Никто из них не звал меня по имени-отчеству. Граф почти всегда забывал представлять меня своим знакомым, из которых большинство были такими же приживальщиками около него, как и я, но только они умели держать себя с графом на равной ноге, почти фамильярно, а я всегда оставался робким и подобострастным. Они ненавидели меня той острой, уродливой ненавистью, которая только и может быть между людьми, соперничающими из-за милости патрона.
Прислуга графа относилась ко мне со всей высокомерной, хамской наглостью, составляющей особенность людей этой профессии. За столом меня обносили кушаньем и винами. В их лакейских взглядах и словах я чувствовал презрение, которое они ко мне чувствовали, – презрение работника к трутню. Я сам убирал свою постель и чистил свое платье.

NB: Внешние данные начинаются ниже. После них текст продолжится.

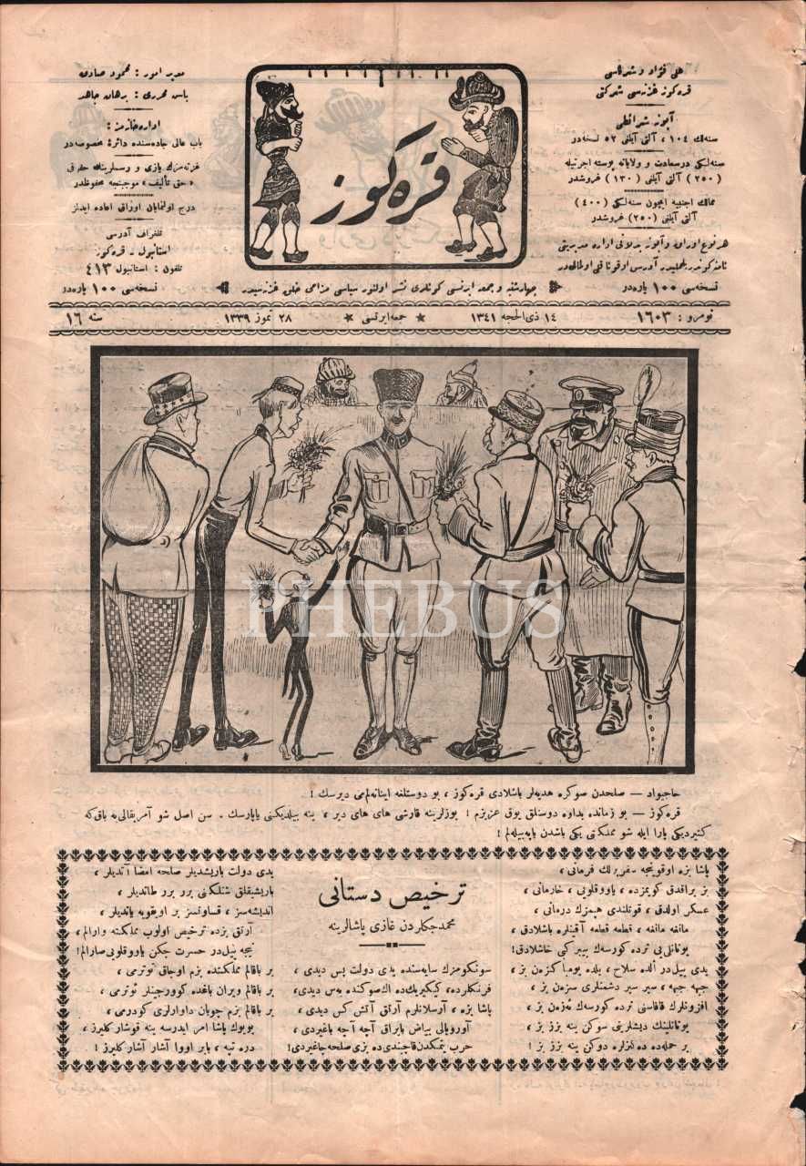 Siyasi mizahi halk gazetesi KARAGÖZ´ün 1603. sayısı, 28 Temmuz 1339, 28x40 cm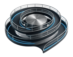 Turbine interchange featuring spiral ramps and central circular core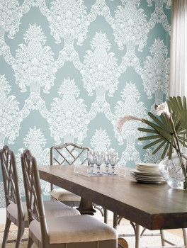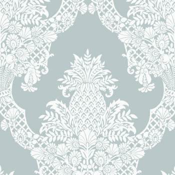Tyrkysová předklížená tapeta, ananas, ornamenty DM4973, Damask, York

По вечерам иногда составлялся винт. Когда не хватало партнера, граф предлагал карточку и мне. У меня никогда не было своих денег, но я садился, страстно мечтая о выигрыше. Я играл с жадностью, с расчетом, с риском, и даже доходило до того, что внутренне молил бога о помощи. Как обыкновенно бывает в этих случаях, я проигрывал – всегда больше всех.

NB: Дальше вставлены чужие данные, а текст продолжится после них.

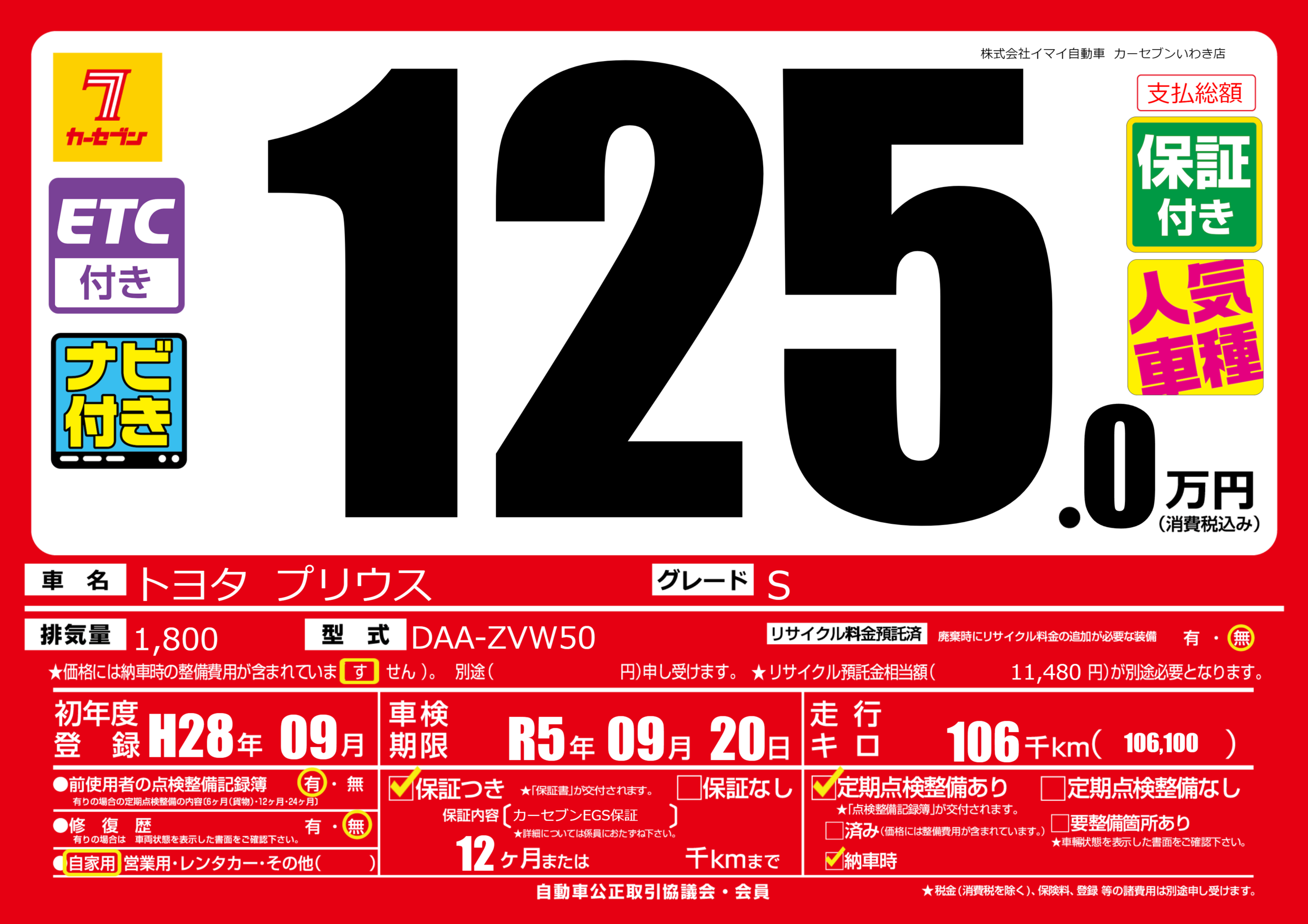 | 車検制限 | R5年 09月 20日 | ||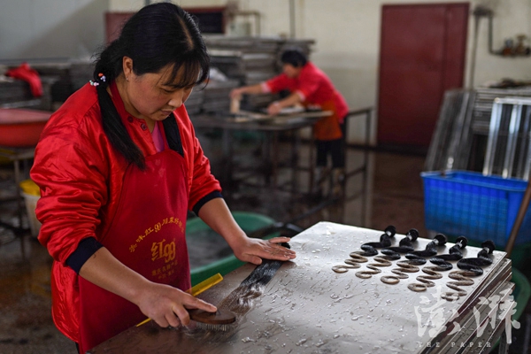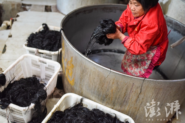 【消毒染色】港集村一家工厂内,去除杂质的人发在经过消毒后,会根据客户需求染上不同颜色,图为工人韦强在调试染色效果。

Когда игра кончалась и партнеры рассчитывались, я сидел с потупленными глазами, красный от стыда и судорожно ломал мелок. Когда молчать долее становилось невозможно, я, стараясь казаться небрежным, говорил:
– Граф… Пожалуйста… Будьте так добры… Я в настоящую минуту не при деньгах… Примите на себя мой проигрыш… Я вам завтра возвращу…
Конечно, это обещание никого не обманывало. Все знали, что ни завтра, ни послезавтра я своего долга не отдам.

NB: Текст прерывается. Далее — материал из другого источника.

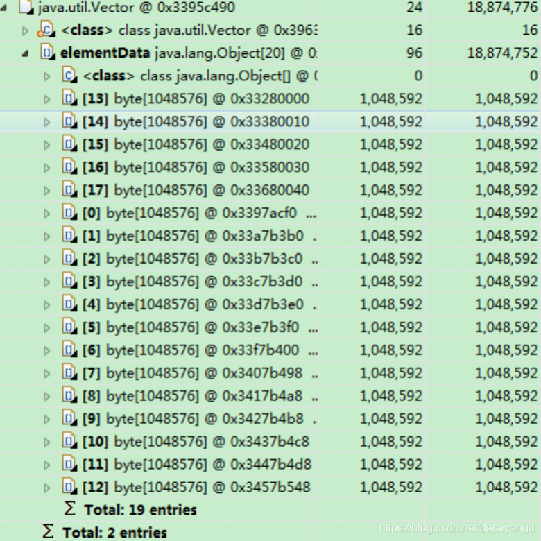 上面就是dump出来的文件,可以看到已经分配了19个byte数组,每个数组1m,再次分配超过了-Xmx20m最大堆内存。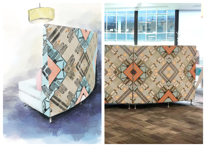 CC: I really enjoyed the openness of the client and that they really wanted us to push how big and bold and lively we could be. The scale was quite large because the patterns were designed to cover large areas on large units, including high-backed sofas and pods.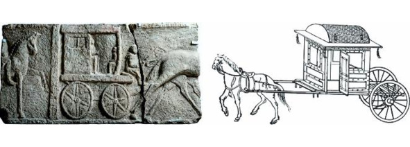 Рисунок 2.1 Слева: Римский рельефный камень из Брукнойдорфа (Bruckneudorf), (местечко Burgenland Австрия)). Справа: китайская повозка императора.

Случалось, что вечером граф и его гости отправлялись в ресторан, а оттуда к женщинам. Меня приглашали вскользь, мимоходом, таким тоном, который уже сам по себе говорил об отказе. Я знал, что скажи я «нет», и меня с удовольствием оставят в покое. Но, клянусь истинным богом, я никогда не мог понять, какая сила заставляла меня раньше всех бежать в переднюю и суетливо надевать пальто.
За ужином много острили и безобразничали. Я должен был громко и часто смеяться, но смех доставлял мне столько же удовольствия, как ученой собаке. Если же меня самого осеняла веселая мысль или удачный каламбур, я не находил для них слушателей. Едва я раскрывал рот, как меня тотчас же перебивали. Все отворачивались от меня, и я, начиная в десятый раз одну и ту же фразу, тщетно перебегал глазами от одного собеседника к другому: ни одни глаза не встречались с моими.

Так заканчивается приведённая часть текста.